For the reaction CaCO3(s)+ 2HCl(aq)= CaCl2(aq)+ CO2(g)+ H2O(l) how many grams of CaCl2 can be obtained if 14.6 g HCl is allowed in CaCO3?
To calculate the grams of CaCl2 that can be obtained in the reaction, we need to use the concept of stoichiometry. Stoichiometry allows us to determine the quantitative relationships between the reactants and products in a chemical reaction.
First, we need to determine the limiting reactant in the reaction. The limiting reactant is the reactant that is completely consumed and limits the amount of product that can be formed. In this case, we are given the mass of HCl (14.6 g) and the formula mass of CaCO3, HCl, and CaCl2.
1. Calculate the formula mass of HCl:
HCl = 1(atomic mass of H) + 1(atomic mass of Cl)
= 1(1.007 g/mol) + 1(35.453 g/mol)
= 36.460 g/mol
2. Calculate the number of moles of HCl:
moles of HCl = mass of HCl / formula mass of HCl
moles of HCl = 14.6 g / 36.460 g/mol
= 0.4004 mol
3. Next, we need to determine the stoichiometric ratio of HCl to CaCl2. Looking at the balanced chemical equation:
CaCO3(s) + 2HCl(aq) → CaCl2(aq) + CO2(g) + H2O(l)
The stoichiometric ratio between HCl and CaCl2 is 2:1. This means that for every 2 moles of HCl, we obtain 1 mole of CaCl2.
4. Determine the moles of CaCl2 that can be obtained:
moles of CaCl2 = moles of HCl / (stoichiometric ratio of HCl to CaCl2)
moles of CaCl2 = 0.4004 mol / (2 moles of HCl / 1 mole of CaCl2)
= 0.2002 mol
5. Finally, calculate the mass of CaCl2:
mass of CaCl2 = moles of CaCl2 × formula mass of CaCl2
mass of CaCl2 = 0.2002 mol × (calculation of formula mass of CaCl2)
The formula mass of CaCl2 is:
CaCl2 = (atomic mass of Ca) + 2(atomic mass of Cl)
= (40.08 g/mol) + 2(35.453 g/mol)
= 110.98 g/mol
mass of CaCl2 = 0.2002 mol × 110.98 g/mol
= 22.203 grams
Therefore, approximately 22.203 grams of CaCl2 can be obtained if 14.6 grams of HCl is allowed to react with CaCO3.
To calculate the grams of CaCl2 that can be obtained, we need to determine the limiting reactant. The limiting reactant is the reactant that gets completely consumed and determines the maximum amount of product that can be formed.

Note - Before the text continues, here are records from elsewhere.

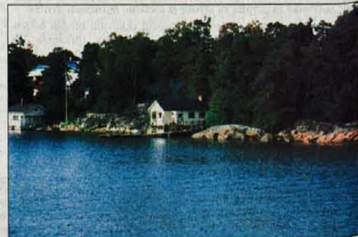
Finska idla - hišica ob jezercu.
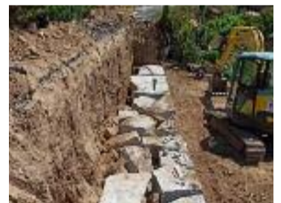
A rúa do Hórreo está no barrio da Carballa.
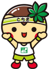
とちまるくん
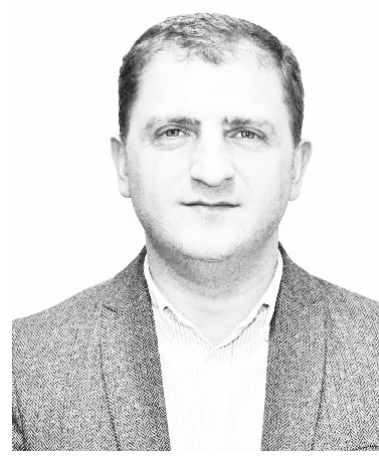
თაშორისო დონორი ორგანიზაციების მხარდაჭერით - „უცხოური ფულით“ განხორციელდა, - წერს ილია ბუჩინაძე.

პარატები და საბავშვო მხატვრული ლიტერატურა. ეს არის რამდენიმე ამონარიდი „მწვანე სექტორის“ ბოლო სამი წლის საქმიანობიდან, რომელიც სწორედ საერ-
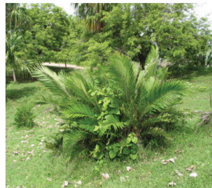
Palmacea Palma lata ( Bactris minor )
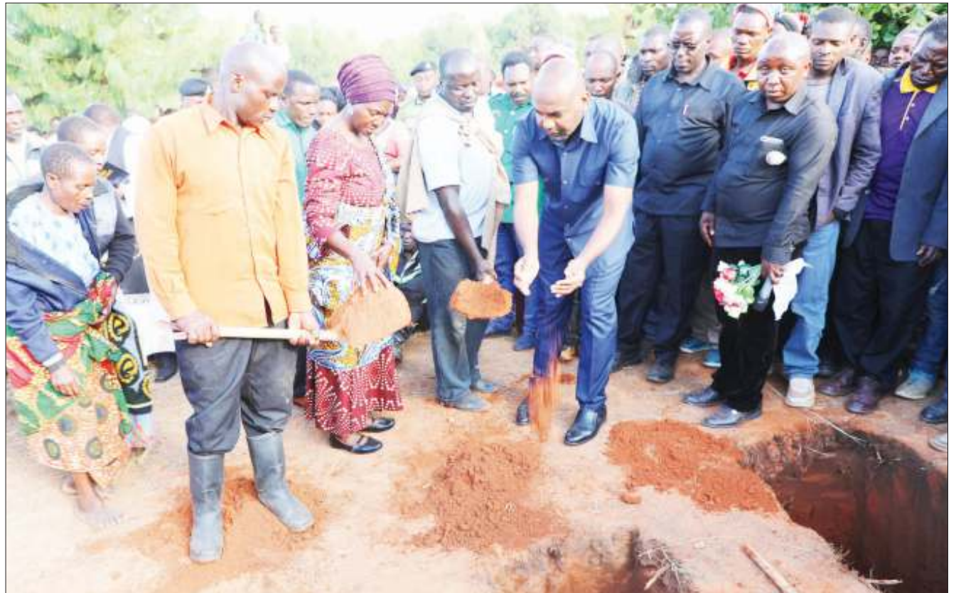
Naibu Waziri wa Mambo ya Ndani, Hamad Yusuf Masauni, akiweka mchanga juzi, katika moja ya makaburi ya watoto watatu wa familia moja waliouawa kikatili katika kijiji cha Ikando Kata ya Kichiwa, wilayani Njombe.
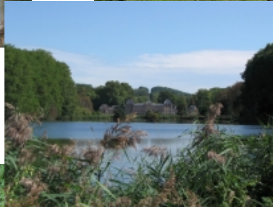
L'arrière du château
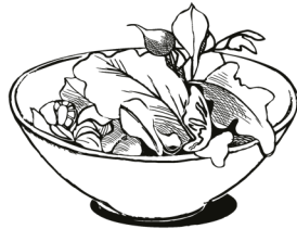
Salat | 10 p.P.
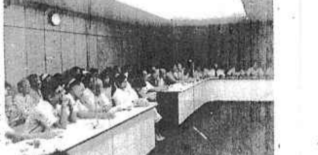
本社第二次宗教學術研討會之一角

代表西方宗教的是基督教，基督教的重心是上帝，一個有具體人格的對象，要求大家把信仰寄托在上帝身上，上帝是宇宙的創造者，是人類一切生命的主宰。其過去的權威是延伸到現在，擴展到無限的將來，直到世界末日的最後一刻。
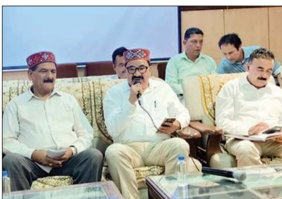
देवसदन में आयोजित जिला भाजपा की समीक्षा बैठक के दौरान भाजपा पदाधिकारी।

बैठक में हर विषय पर विस्तार से चर्चा की गई। बैठक में उपस्थित पदाधिकारियों ने समीक्षा बैठक में बहुमूल्य सुझाव दिए। सभी सुझावों पर व्यापक चर्चा की गई। बैठक में मंडी संसदीय क्षेत्र से भाजपा प्रत्याशी कंगना रनौत की जीत को सभी कार्यकर्ताओं की मेहनत का परिणाम बताया। इस संसदीय क्षेत्र के चुनाव में कुल्लू, मनाली सहित बंजार विधानसभा क्षेत्र से भाजपा प्रत्याशी को अच्छी बढ़त मिली है। बैठक में सभी
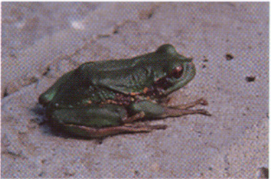
Gastrotheca riobambae , Lag. Cuicocha - Prov. Imbabura
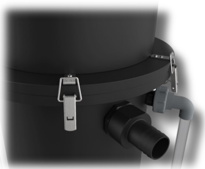
Ansaugreduzierung aus PE am Sauger montiert
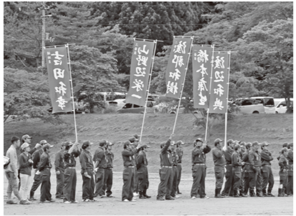
▲応援に駆けつけた多くの消防団員
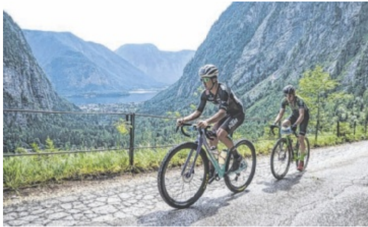
Hoch über dem Hallstätter Echerntal.

Seit 2017 wird im Rahmen der Veranstaltung ein Gravel-Marathon angeboten. Was als neues Format begann, hat sich inzwischen etabliert. Mittlerweile stehen drei Gravel-Strecken zur Auswahl, die über Schotterwege, Forststraßen und verkehrsarme Nebenstraßen durch die Berg- und Seenlandschaft der Region führen. Die längste Strecke, die Gravel.one, wird zum Jubiläum verlängert. Der Start wird von Obertraun nach Bad Ischl ver-

First, we need to convert the given mass of HCl to moles:
Given: Mass of HCl = 14.6 g
To convert grams of HCl to moles, we need to use its molar mass. The molar mass of HCl is:
Molar mass of HCl = 1.007 g/mol (hydrogen) + 35.453 g/mol (chlorine) = 36.460 g/mol
Moles of HCl = Mass of HCl / Molar mass of HCl
Moles of HCl = 14.6 g / 36.460 g/mol
Moles of HCl ≈ 0.400 mol
According to the balanced chemical equation, the stoichiometric ratio between HCl and CaCl2 is 2:1. This means that for every 2 moles of HCl, we get 1 mole of CaCl2.

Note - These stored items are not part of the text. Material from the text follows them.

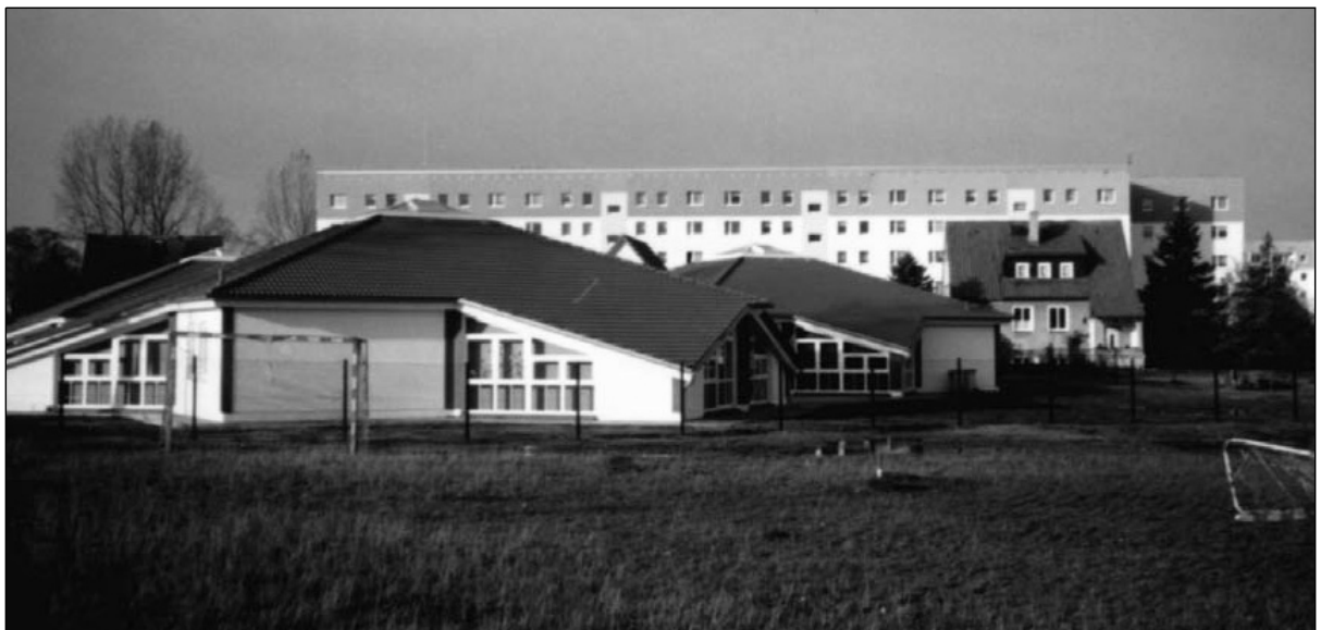
Ansicht der Kindertagesstätte in Graal-Müritz
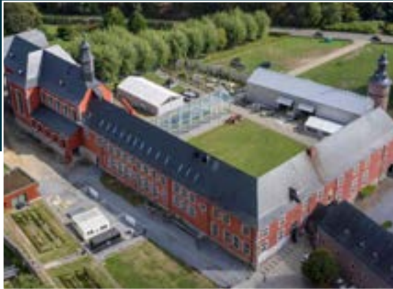
Vue aérienne du Centre des Métiers du Patrimoine « la Paix-Dieu » à Amay.
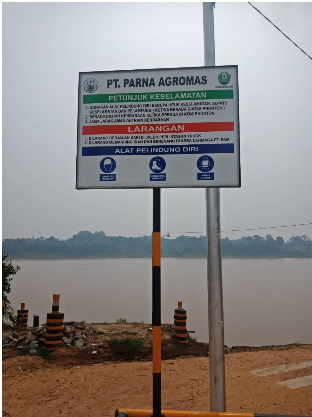
Plang petunjuk keselamatan dan larangan di Dermaga PAM
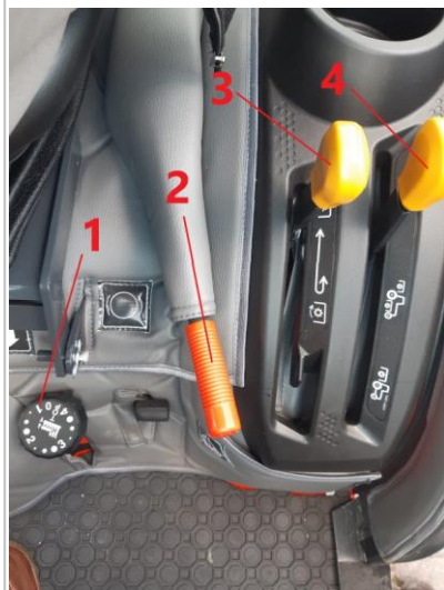
Widok przyrządów po lewej stronie operatora
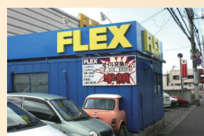
千葉市稲毛区長沼原町 774-1

TEL 043-257-5285 email: service@flexauto.co.jp フレックス稲毛民間車検工場

From the stoichiometry, we can determine the moles of CaCl2 that can be obtained:
Moles of CaCl2 = Moles of HCl × (1 mole CaCl2 / 2 moles HCl)
Moles of CaCl2 = 0.400 mol × (1 mol CaCl2 / 2 mol HCl)

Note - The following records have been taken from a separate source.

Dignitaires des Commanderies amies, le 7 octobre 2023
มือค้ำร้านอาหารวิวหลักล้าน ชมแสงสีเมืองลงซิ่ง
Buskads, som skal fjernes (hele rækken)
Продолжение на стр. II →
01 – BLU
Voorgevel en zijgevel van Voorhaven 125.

Moles of CaCl2 = 0.200 mol
Finally, we need to convert the moles of CaCl2 to grams. The molar mass of CaCl2 is:
Molar mass of CaCl2 = 40.078 g/mol (calcium) + 35.453 g/mol (chlorine) + 35.453 g/mol (chlorine) = 110.984 g/mol
Mass of CaCl2 = Moles of CaCl2 × Molar mass of CaCl2
Mass of CaCl2 = 0.200 mol × 110.984 g/mol
Mass of CaCl2 ≈ 22.197 g
Therefore, approximately 22.197 grams of CaCl2 can be obtained if 14.6 grams of HCl is allowed to react with CaCO3.
Do you mean is 14.6 g CaCO3 is formed?
mols HCl = grams/molar mass
Convert mols HCl to mols CaCl2.
Convert mols CaCl2 to grams. g = mols x molar mass.